Если сборник Максимовича мог отразиться в эмоционально насыщенных, лирических страницах и бытовых подробностях повести, то другой сборник — „Запорожская Старина“ И. И. Срезневского (ч. I, вып. 1–2, Харьков, 1833), мог дать некоторый собственно исторический материал для первой редакции „Тараса Бульбы“. „Песни и думы о лицах и событиях до Богдана Хмельницкого“ в первом выпуске „Запорожской Старины“ содержат несколько дум (стр. 42–48 „Отступник Тетеренко“; стр. 49–50 „Убиение Тетеренка“; стр. 60–73 „Подвиги Савы Чалого“), в которых некоторые авторы (И. Каманин и др.), — видели даже рудиментарную основу сюжета „Тараса Бульбы“.

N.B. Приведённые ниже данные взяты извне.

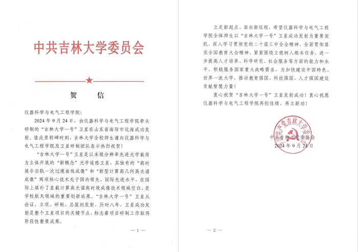 全体师生的关心厚爱,学院党委及全院师生倍感振奋、备受鼓舞,希望全院师生以“吉林大学一号”卫星成功发射为重要契机,深入学习贯彻党的二十届三中全会精神,全面贯彻落实全国教育大会精神,认真学习学校党委《贺信》精神,紧紧围绕立德树人根本任务,进一步提高人才培养、科学研究、社会服务等方面的能力和水平,积极服务国家重大战略需求,为加快建设中国特色、世界一流大学,推动教育强国、科技强国、人才强国建设贡献智慧力量!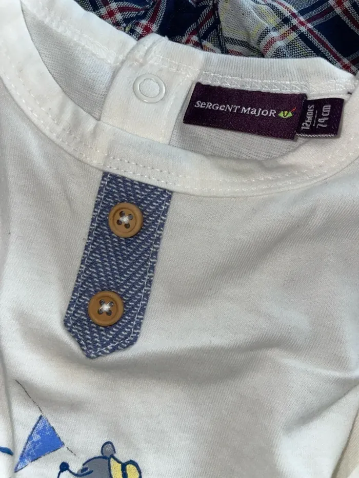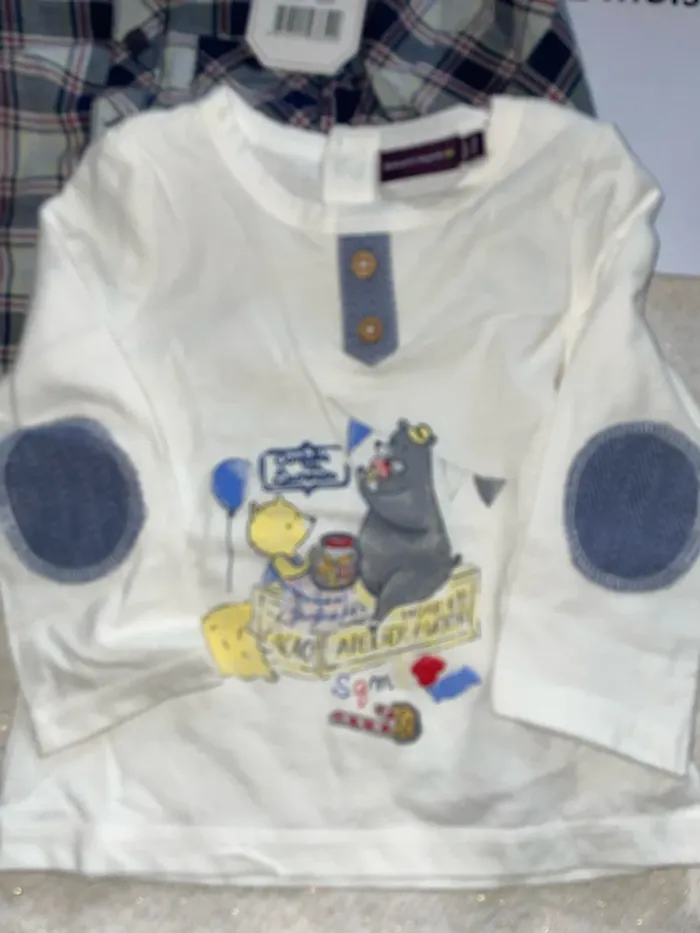 ➡️ tee shirt écru avec motifs ours et sucreries bleu ciel jaune pale et gris neuf sans étiquette
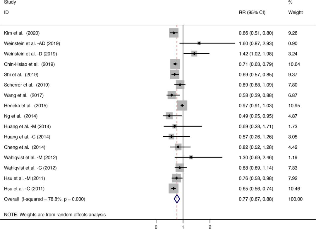 图3. Meta分析显示,使用二甲双胍的糖尿病患者全因痴呆风险较非使用者降低23%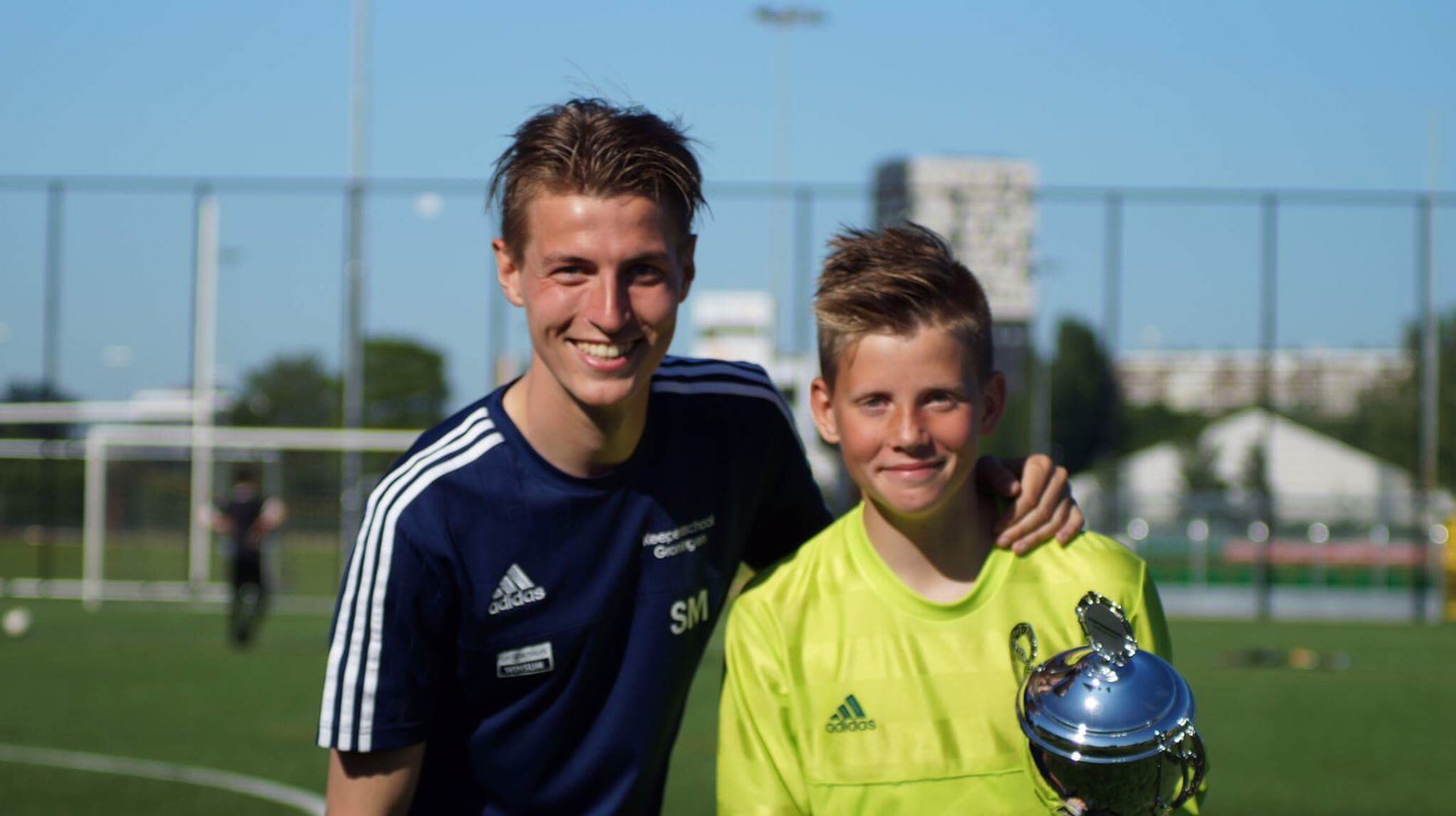 Bij groep 2 was het Troy van der Meulen die er definief met de beker vandoor ging en hem voorgoed mag houden. Troy, geboren in 2004, keept wekelijks zijn wedstrijden bij TLC uit Leek. Sinds juni 2015 is Troy wekelijks te vinden tussen de keepers die beter willen worden. Troy is zo’n keeper die intrinsiek zo gemotiveerd is dat hij geen training overslaat en goed snapt waarom hij traint. Als het even niet loopt herpakt hij zich ijskoud om zo toch weer stappen te kunnen maken in zijn ontwikkeling. “Ik ben hier om te leren” zoals Troy gister nog tijdens de training zei. En zo is het precies. Beide jongens zijn tevens uitblinkers in het maken van hun huiswerk. Een dikke 10 met een griffel.

Сами по себе эти сюжетные сопоставления мало убедительны, тем не менее значение „Запорожской Старины“ как одного из источников, первой редакции „Тараса Бульбы“ бесспорно. Тезис Гоголя о значении украинских народных песен как художественных иллюстраций к „пыльным летописям“, как ключа для познания прошедшего, практически осуществлен в „Тарасе Бульбе“, и основным источником в данном случае была именно „Запорожская Старина“, так как ни сборник М. Максимовича, ни более ранний сборник Н. А. Цертелева („Опыт собрания старинных малороссийских песней“, СПб., 1819), ни отдельные случайные публикации[15] далеко не дают того количества материала и исторической его систематизации, как сборник Срезневского.[16]
Исторические и фольклорные источники первой редакции „Тараса Бульбы“ относительно скудны и случайны. Крайняя схематичность развития сюжета в первоначальной (рукописной) редакции повести небыла преодолена и в редакции „Миргорода“ 1835 г. — историческими документами и народными песнями Гоголь воспользовался преимущественно для второстепенных деталей и аксессуаров, не отразив их сколько-нибудь существенно ни в сюжетной схеме повести, ни в характеристике действующих лиц.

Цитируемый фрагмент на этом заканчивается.